In all cases, we also observe that data gathering with the multi-hop Client–Server approach had the lowest remaining energy compared with a MA dispatched through a pre-defined itinerary. We note that the Client–Server approach incurs, on average, more hops for a dispatched MA to reach all source nodes and return with the updated data to the gateway.
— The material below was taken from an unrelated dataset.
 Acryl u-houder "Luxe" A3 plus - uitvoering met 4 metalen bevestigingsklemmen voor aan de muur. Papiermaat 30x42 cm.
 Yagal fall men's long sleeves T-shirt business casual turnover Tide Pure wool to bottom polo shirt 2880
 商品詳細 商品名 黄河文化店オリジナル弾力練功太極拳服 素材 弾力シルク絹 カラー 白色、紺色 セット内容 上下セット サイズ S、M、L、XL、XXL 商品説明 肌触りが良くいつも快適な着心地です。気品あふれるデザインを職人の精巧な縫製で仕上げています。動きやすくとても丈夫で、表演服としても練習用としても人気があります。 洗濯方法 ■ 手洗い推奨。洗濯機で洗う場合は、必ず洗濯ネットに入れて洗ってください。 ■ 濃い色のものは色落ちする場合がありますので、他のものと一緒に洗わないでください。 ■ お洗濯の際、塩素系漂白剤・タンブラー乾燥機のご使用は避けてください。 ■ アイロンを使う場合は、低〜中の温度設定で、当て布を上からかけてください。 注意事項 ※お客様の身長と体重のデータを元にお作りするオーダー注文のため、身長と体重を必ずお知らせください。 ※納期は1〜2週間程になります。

Data aggregation brings more gains because the MA size grows at a lower rate as the MA moves through the itinerary. When the aggregation is enabled, the MA size grows only when data of different content types are collected.

4.3 Cache hits

The cache-hit evaluation aims to verify the performance of the cache infrastructure fixed in the gateway, including scenarios where data aggregation is enabled or disabled. A cache hit happens when a data request is replied to by the gateway with the information available in its cache, i.e., without dispatching a MA. For example, considering a request for the average temperature on a specific AoI, one cache-hit is computed if the non-expired data in the cache is enough to cover all the AoI. In this case, the gateway can send a complete response to the client. Similarly to the previous section, we conduct analysis using 60- and 200-byte payload sizes.

Fig. 7
figure 7

Proportion of cache hits. Experiments consider a 300-device network, enabled and disabled data aggregation, and 60- and 200-byte payload (P) sizes

Figure 6 presents the results for 180 nodes. With Agent-Knap, a larger payload results in more cache hits, especially when data aggregation is enabled. Thus, Agent-Knap performs better with a larger payload (P).
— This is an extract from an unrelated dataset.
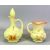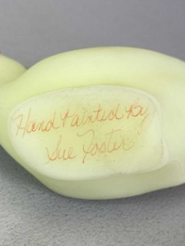 FENTON BURMESE GLASS - 3 items with hand painted floral decoration, bird hand painted by Sue Foster, 17.5cms L, jug hand painted by S Barlow, 11cms H and oil bottle with stopper, hand painted by Frances Burton, 19cms H

When data aggregation is enabled, the MA can retrieve more data in each round than when the MA does not use data aggregation. This happens because the knapsack algorithm has a maximum payload size to determine which nodes belonging to the itinerary will be selected for the data-gathering process. Using data aggregation, more nodes can have their data collected by the MA because aggregated data does not increase the payload size.

Agent-Knap with enabled data aggregation and 200-byte payload size has the best result. This combination achieves 227% more cache hits than TMA with data aggregation. Figure 7 shows that the proportion of cache hits increases with more network devices. This occurs because with more nodes, more redundant data is available.

4.4 Data accuracy

We compute the root mean square deviation (RMSD) of data gathered by the MA to evaluate the impact of data freshness at the cache and the tradeoff of data aggregation and data accuracy. We compare both data-gathering methods using TMA and Agent-Knap.

The RMSD is calculated per round after the MA returns to the gateway with fresh data, according to Eq. 2.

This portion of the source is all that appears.